As often happens when we embark on such analyses, I went from feeling confident and impressed by what I’d managed to achieve, to being certain jurors would scoff at my attempts to sound erudite and important.
The Guggenheim is, after all, a prestigious award. Who am I to think I might be honored in this way?
This year’s winners include 188 highly accomplished scholars, artists, photographers, scientists and writers selected via a rigorous peer review process from nearly 3,000 initial candidates. The full list of winners can be found here. (Forbes)
I’m a striver - is that a bad thing?
Unless we push ourselves, we won’t get anywhere. Striving to do better and learn more is obviously good, but what about striving for greater success and more recognition?
This is egotistical striving, and generally causes heartache of some sort — there’s so much about “success” and “recognition” that we don’t and can’t control. Wanting it does not make it happen and striving for it often backfires.
As a striver, this is a hard lesson for me to learn. What about you?
Bejamin Hoff writes in the Tao of Pooh: “When we learn to work with our own Inner Nature, and with the natural laws operating around us, we reach the level of Wu Wei. Then we work with the natural order of things and operate on the principle of minimal effort. Since the natural world follows that principle, it does not make mistakes.
Mistakes are made–or imagined–by man, the creature with the overloaded Brain who separates himself from the supporting network of natural laws by interfering and trying too hard.” Benjamin Hoff, The Tao of Pooh
Don’t interfere! Don’t try to hard! Don’t be too critical of yourself! Strive just enough and not too much!
On accepting uncertainty and imperfection
This is where my mantra “be cool” comes in. My Ibiza novel, Madame B, is on submission and I am starting to hear back from editors. They are reading fast, and this is a good thing.
I need to stay cool.
It’s so hard!
I’ve been copying a poster I took a picture of when I was finishing Madame B. last year in Ibiza. It’s probably been thirty years since I last painted and I underestimated how difficult it would be. At first, I painted those two lower “ribbons” and hated them, so I stopped. I can’t do it, I thought. This painting is going to be bad.

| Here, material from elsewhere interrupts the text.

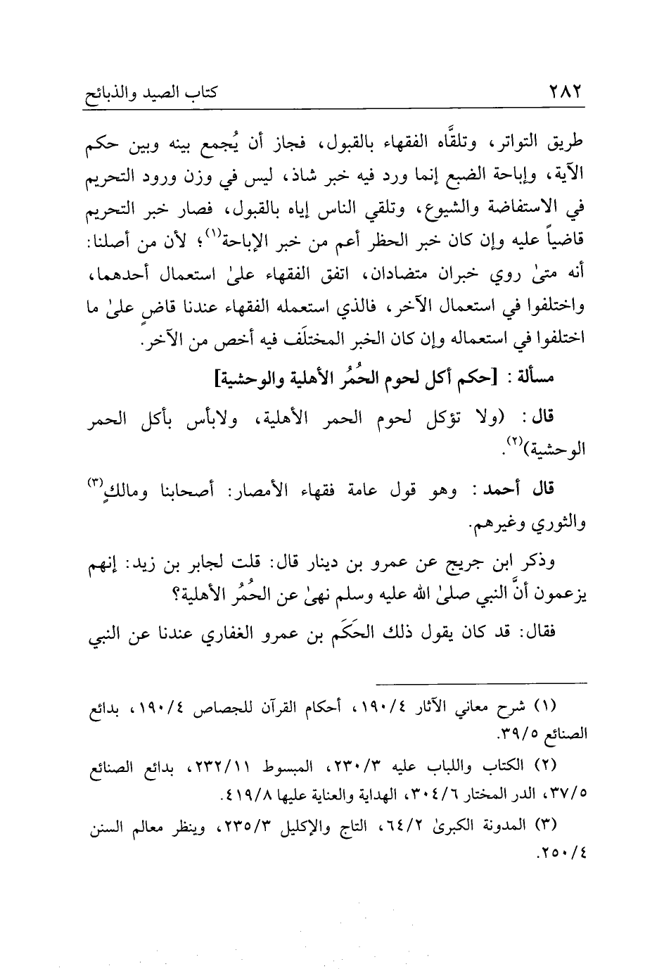 قال: (ولا تؤكل لحوم الحمر الأهلية، ولا بأس بأكل الحمر الوحشية).

But then I thought, so what if it’s bad?
The point was not to create an amazing painting, the point was to have fun, and to celebrate the wisdom in the line, “CALMA EN LA TEMPESTAD.” So I started again. And now I’m beginning to like it.
This is a low stakes project, so I can afford to fail. With my professional work, though, everything feels super high stakes.
And so I need to be cool.
You’ll notice from the image at the top of this post that I left the hardest part till last: the woman’s face. Who knows what this means about the way I approach things.

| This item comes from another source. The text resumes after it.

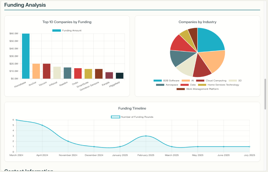 寻找25家在过去12个月内完成A轮融资并正在招聘销售人员的B2B SaaS公司。创建一个包含公司名称、融资金额和联系邮箱的仪表板。然后制作一个可使用的冷邮件外联模板

Let me know if you have any deep psychological insights into that!
On Writing
I taught seven three-hour classes in the month of March, on top of my regular job at KWLS. Emerging from the hard work of the Seminar and getting my novel ready for submission, I was so ready to engage with human beings in a small community.

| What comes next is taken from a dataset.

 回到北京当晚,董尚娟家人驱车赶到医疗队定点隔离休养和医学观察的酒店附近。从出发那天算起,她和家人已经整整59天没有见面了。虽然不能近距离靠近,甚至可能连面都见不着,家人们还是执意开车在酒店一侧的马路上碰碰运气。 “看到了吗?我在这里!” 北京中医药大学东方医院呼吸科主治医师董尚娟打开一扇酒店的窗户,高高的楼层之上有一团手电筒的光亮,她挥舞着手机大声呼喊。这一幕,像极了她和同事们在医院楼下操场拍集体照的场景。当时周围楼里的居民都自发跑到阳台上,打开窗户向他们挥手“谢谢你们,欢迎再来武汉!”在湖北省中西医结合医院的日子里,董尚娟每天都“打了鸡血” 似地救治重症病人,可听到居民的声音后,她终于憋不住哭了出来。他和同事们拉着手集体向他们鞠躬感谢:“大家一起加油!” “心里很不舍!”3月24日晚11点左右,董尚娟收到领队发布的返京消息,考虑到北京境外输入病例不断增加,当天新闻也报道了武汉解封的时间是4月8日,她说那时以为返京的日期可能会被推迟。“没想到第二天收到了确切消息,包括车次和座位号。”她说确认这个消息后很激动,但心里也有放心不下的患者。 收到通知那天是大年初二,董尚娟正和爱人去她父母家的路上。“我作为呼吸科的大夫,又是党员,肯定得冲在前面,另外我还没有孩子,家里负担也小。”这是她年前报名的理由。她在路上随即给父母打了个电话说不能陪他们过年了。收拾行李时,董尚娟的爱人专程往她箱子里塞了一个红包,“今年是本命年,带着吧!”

Memoir writers often take my classes. In many ways, memoir writing is similar to fiction in that voice and story structure are critical to making the story come alive and feel relevant. Memoir is tricky to teach—for me, at least—because the topic is so intensely personal to the writer and emotions often run high.
I was thinking a lot about how to guide my students in the endeavor to write compellingly about their own life experiences, so I re-read Hua Hsu’s memoir, Stay True, which won the Pulitzer Prize and was a New York Times bestseller. I loved this book. Hsu writes so beautifully about his relationship to music, and does an incredible job evoking his deepest yearnings for a sense of purpose and community.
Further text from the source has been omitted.